本组收集我院生殖中心2011年2月-2012年1月间收住院宫外孕人数154例, 其中153例确诊为输卵管妊娠.其中壶腹部妊娠114例, 间质部妊娠8例, 峡部16例.输卵管伞部15例.年龄20-43岁, 平均30.12-5.81岁。148例有明确的停经史 (停经30-80天, 151例阴道少量出血, 147例下腹疼痛, 139例尿妊娠试血β-HCG检测阳性, 15例弱阳性。

1.2 仪器和方法

使用SIEMENS G-50、SIEMEN-Prima彩色超声诊断仪, 腔内探头频率为5.5-7MHz。检查方法:患者排空膀胱, 取膀胱截石位, , 于阴道探头表面涂上耦合剂, 覆以避孕套后, 轻放入患者阴道内。
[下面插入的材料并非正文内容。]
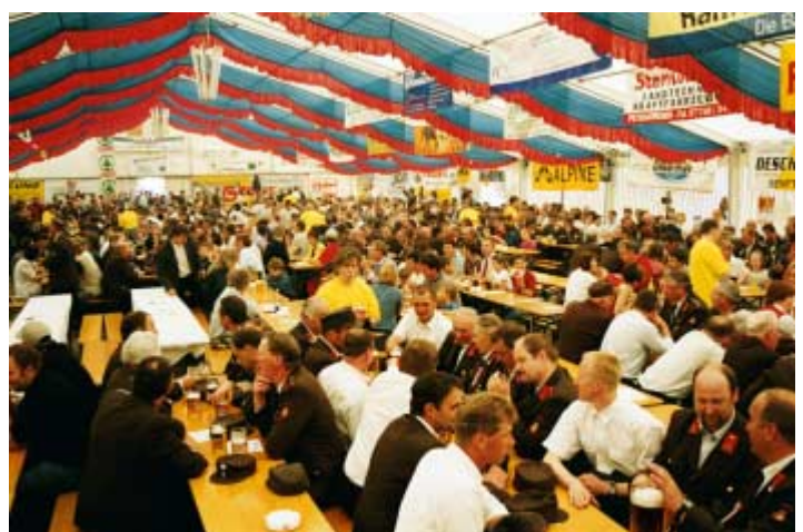
02.bis 04.05.2003: Zeltfest mit TLF-A 2000 Segnung in Dorf an der Pram

掌握好深度, 推拉并旋转探头柄, 行纵向, 横向, 采用倾斜、推拉、旋转多角度扫查。团块距探头较远时, 局部用手按压腹部相应位置以增大检测范围。

1.3 观察内容

(1) 子宫大小; (2) 内膜厚度及子宫腔内回声; (3) 附件区有无包块, 包块的大小、形态、内部回声、边界, 有无妊娠囊结构, 胎芽、胎心管及血管搏动、滋养动脉血流情况; (4) 与周边器官关系, 调整彩色多普勒 (CDFI) 的条件, 准确显示包块周边及内部彩色血流信号, 脉冲多普勒取样, 测量3-5个周期的Vmax及Vmin, 屏幕显示阻力指数, 取其平均值; (5) 有无盆腔积液等; (6) 同时记录患者尿妊娠试验及血β-HCG数值。

2 结果

2.1 阴道超声检查能更早地确定宫内妊娠和发现异位妊娠:

本组154例患者中, 包块大小在1.0-5.5cm之间, 经腔内彩色多普勒超声诊断符合率为99.12%。所有病例均经手术治疗并作病理检查。

2.2 输卵管妊娠的超声像图特征:

2.2.1 孕囊型 (早期) 86例, 子宫较正常饱满, 内膜增厚, 回声增强, 宫腔内无胚囊, 其中8例见假孕囊。附件区能探查到肿块, 肿块呈“面圈征”即“Donut”[2]征, 壁光滑, 分三层结构, 周边是输卵管的低回声, 中间强回声是绒毛和着床部位输卵管黏膜, 中心为无回声区 (见图1) 。肿块间与卵巢可出现“相对运动征”, 此征象可排除宫内孕的妊娠黄体。彩色多普勒可在包块处探及环状血流 (见图2) , 但血流速度低, 与妊娠黄体的血流差异有显著性, 团块内可探及厚的滋养层和滋养叶血流, 其阻力指数 (RI) <0.4。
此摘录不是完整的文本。